Gadis itu mendongak. Dia melihat wajah Arsenio yang datang dan menatap dingin ke arahnya.

“Tapi yang paling menjengkelkan adalah mengingat saya hanya akan memakan beberapa potong kue kering dan secangkir teh setelah perang di pagi hari. Itu menyebalkan ... saya ingin makan sesuatu yang lebih kenyang setelah membuang korset di pinggang saya!” keluhnya lantang.

Arsenio sampai terdiam dengan wajah kaget mendengar kalimat panjang yang hanya berisikan protes tanpa kata kiasan itu.

“Kamu jadi sangat jujur, ya?” sindir Arsenio.

Sirena mengangguk sebelum kembali memejamkan matanya untuk beristirahat. “Tolong bangunkan saya jika kita sudah dekat.”

Arsenio tidak membalas dan hanya menatap Sirena yang benar-benar tertidur sepanjang waktu menuju Istana Kekaisaran.  

“Sampai kapan kamu akan tidur?” Arsenio mengetuk punggung tangan Sirena yang berpangku tangan di atas paha—dengan jari telunjuknya.

Sirena mulai membuka mata dan mengumpulkan kesadaran. “Selamat siang, Tuan ....” Dia tersenyum lembut.

Tampaknya kesadaran Sirena belum sepenuhnya pulih sampai dia berani mengucap salam dengan wajah polos seperti itu.

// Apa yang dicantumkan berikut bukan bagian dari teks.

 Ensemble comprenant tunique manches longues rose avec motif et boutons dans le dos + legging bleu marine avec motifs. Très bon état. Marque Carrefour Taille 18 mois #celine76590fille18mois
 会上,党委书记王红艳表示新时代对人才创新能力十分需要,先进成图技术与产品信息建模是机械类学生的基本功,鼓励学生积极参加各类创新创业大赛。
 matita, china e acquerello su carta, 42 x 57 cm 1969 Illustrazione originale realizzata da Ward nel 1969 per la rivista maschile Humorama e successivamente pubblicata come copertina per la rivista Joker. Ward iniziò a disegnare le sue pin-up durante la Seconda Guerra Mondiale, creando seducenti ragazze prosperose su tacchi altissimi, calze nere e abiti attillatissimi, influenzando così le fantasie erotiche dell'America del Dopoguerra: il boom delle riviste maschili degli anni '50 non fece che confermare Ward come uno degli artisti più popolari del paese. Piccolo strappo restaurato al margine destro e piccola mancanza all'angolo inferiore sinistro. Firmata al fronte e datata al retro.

Arsenio membuang napas lembut dan geleng-geleng melihat kelakuannya. “Kita sudah hampir sampai. Jika kamu masih terus bertindak dengan gegabah, aku akan meninggalkan kamu di kereta.”

“Hem ....” Sirena hanya bergumam. Kini kedua matanya sudah terbuka lebar dan menatap ke luar jendela kereta kuda. Kesadarannya telah kembali sepenuhnya.

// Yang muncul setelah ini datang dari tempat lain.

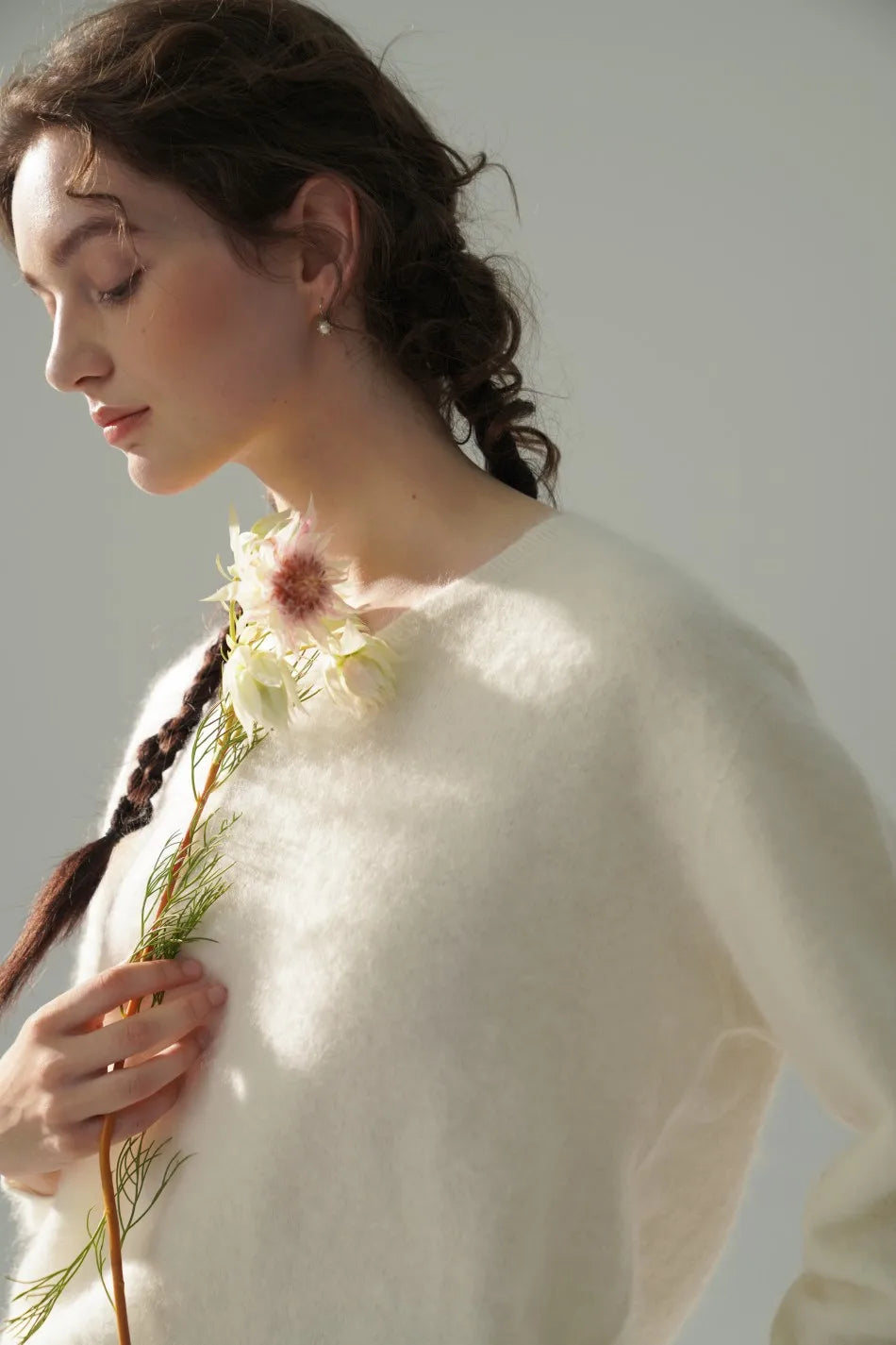 Annette Cashmere Sweater & Scarf Set, White

Matahari sudah hampir di tengah. Padahal mereka berangkat sangat pagi. Namun ternyata jarak Istana Kekaisaran dengan wilayah Sharon memang cukup jauh.

“Sadarlah. Jangan sampai membuat keributan!" tegas Arsenio bangkit dari kursi untuk membuka pintu, lalu berjalan keluar.

Mereka sudah sampai di depan gerbang gedung perjamuan dan harus segera turun agar tidak membuat bangsawan yang menunggu di belakang kereta kuda mereka menunggu terlalu lama.

“Jika masih mengantuk, kamu bisa menggenggam tanganku sepanjang jalan menuju aula pesta.”

Lelaki itu mengulurkan tangannya ke arah Sirena. Sudah menjadi kewajiban seorang lelaki untuk menuntun keluar Lady yang pergi bersama dengannya. Itu sebuah etika kesopanan untuk ksatria terhadap lady.

“Terima kasih. Namun kebaikan Anda terlalu berlebihan kepada musuh,” celetuk Sirena sambil menggenggam tangan Arsenio dan melangkah keluar dengan susah payah karena model gaun yang cukup berlebihan.

“Lady Sirena!” Beberapa nona bangsawan mendekat Sirena dengan wajah cerah.

Senyum yang mereka perlihatkan cukup tulus sampai Sirena tidak harus waspada atau curiga pada mereka.

Sirena membalas senyum mereka dengan ramah dan menyapa, “Selamat siang, Lady ... Florentina?”

“Ah ... kenapa Anda memanggil begitu. Bukankah kita sudah semakin dekat?!” Wanita muda bersurai pirang itu terlihat kecewa. “Tolong panggil saya Lista, Nona Sirena.”

Sirena mengangguk ambigu dan menatap Arsenio yang diam di sebelahnya—memperhatikannya dengan tatapan intens.

“Kami akan memberi salam kepada Yang Mulia Permaisuri terlebih dahulu.” Sirena tersenyum lembut. Dia yang harus tersenyum sepenjang hari mulai merasa muak dengan kebiasaan para wanita bangsawan. “Kalau begitu kami permisi lebih dulu.”

“Baiklah, Nona Sirena. Cepatlah kembali agar kita bisa mengobrol,” ucap Lady Maya, wanita bersurai merah dengan kulit yang sedikit gelap, dengan ramah.

“Saya akan segera kembali," balas Sirena.

Kedua pasangan itu meninggalkan kerumunan para Lady dan berjalan cepat meninggalkan taman gedung perjamuan.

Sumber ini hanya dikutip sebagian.